INFPs and ISTJs are amongst the best, although I doubt they're the only ones who are. 

I can see why people say NFJs could be the worst, although I think it paints a poorer picture of us than we might deserve. If I'm told to keep something secret I will, without fail, no matter what it is. If I think something is highly sensitive I will also hold onto it forever. It's really only when I'm told something that feels a little borderline and I'm then put into a situation where I think it might genuinely be worthwhile to bring it up that my discretion is likely to falter. 
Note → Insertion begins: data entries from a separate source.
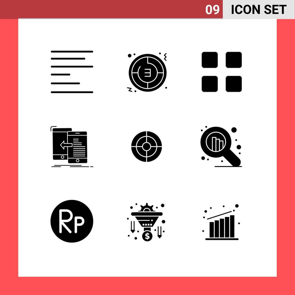 9 glifos sólidos vectoriales temáticos y símbolos editables de gestión empresarial calc datos móviles elementos de diseño vectorial editables vector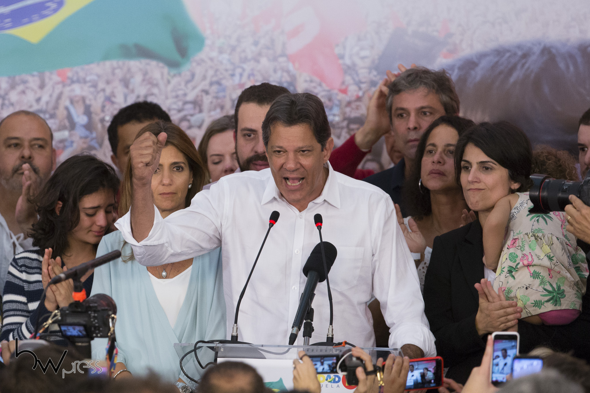 Pronunciamento de Fernando Haddad, candidato a Presidente do Brasil pelo PT, após anúncio de sua derrota, no Hotel Pestana, na zona sul de São Paulo (SP), neste domingo (28).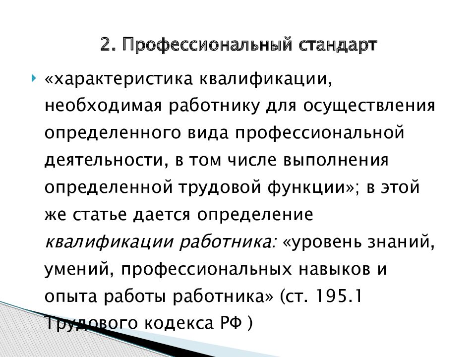 «характеристика квалификации, необходимая работнику для осуществления определенного вида профессиональной деятельности, в том числе выполнения определенной трудовой функции»; в этой же статье дается определение квалификации работника: «уровень знаний, умений, профессиональных навыков и опыта работы работника» ( ст. 195.1 Трудового кодекса РФ ) 2. Профессиональный стандарт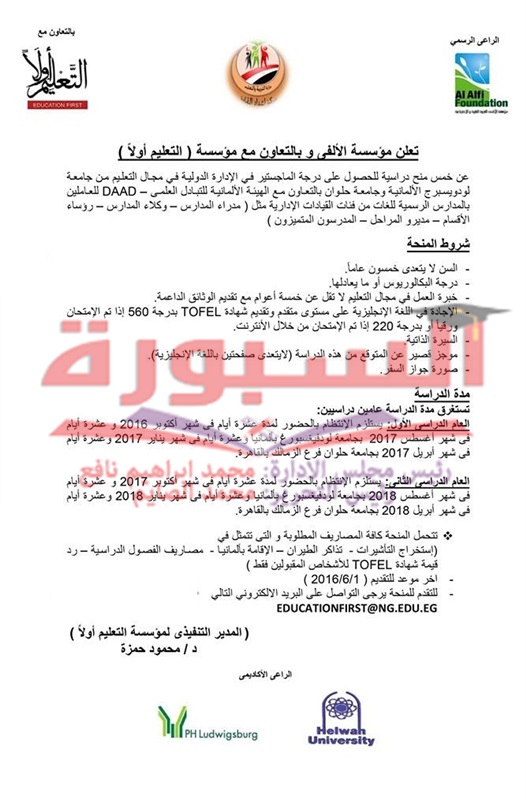 تعلن مؤسسة الألفي بالتعاون مع مؤسسة (التعليم اولا) عن تقديم منح دراسية للحصول علي الماجستير في مجال التعليم واليكم التفاصيل:-

I'd also like to draw attention to the frequency with which our types are provided with others' personal information. There are several types that make great listeners, but for some reason, in my sincere opinion, it's the NFJs in whom people are most drawn to revealing their deepest secrets. I'm not alone amongst these types in saying I've had strangers divulge their innermost thoughts and feelings to me at almost the drop of the hat. Most days, in fact, I discuss something with someone that they would want me to keep secret, whether online or in person. For whatever reason people come to me with those types of conversation. 
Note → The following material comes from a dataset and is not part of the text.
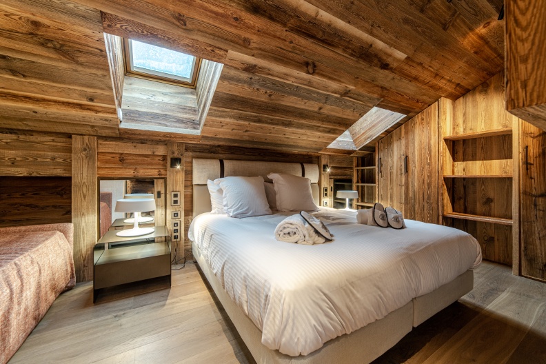 Il est composé de 5 chambres et de 5 salles de bains, luxueusement décorées de vieux bois et cuirs . Il peut accueillir jusqu’à 13 personnes

So with that in mind, while I do understand what people are saying, I think there are good reasons for it. And if we do let go of more information than most types, I think we also hold onto more, purely by virtue of being given so much.


----------



## DAPHNE XO (Jan 16, 2012)

Khiro said:


> I'd also like to draw attention to the frequency with which our types are provided with others' personal information. There are several types that make great listeners, but for some reason, in my sincere opinion, it's the NFJs in whom people are most drawn to revealing their deepest secrets. I'm not alone amongst these types in saying I've had strangers divulge their innermost thoughts and feelings to me at almost the drop of the hat. Most days, in fact, I discuss something with someone that they would want me to keep secret, whether online or in person. For whatever reason people come to me with those types of conversation.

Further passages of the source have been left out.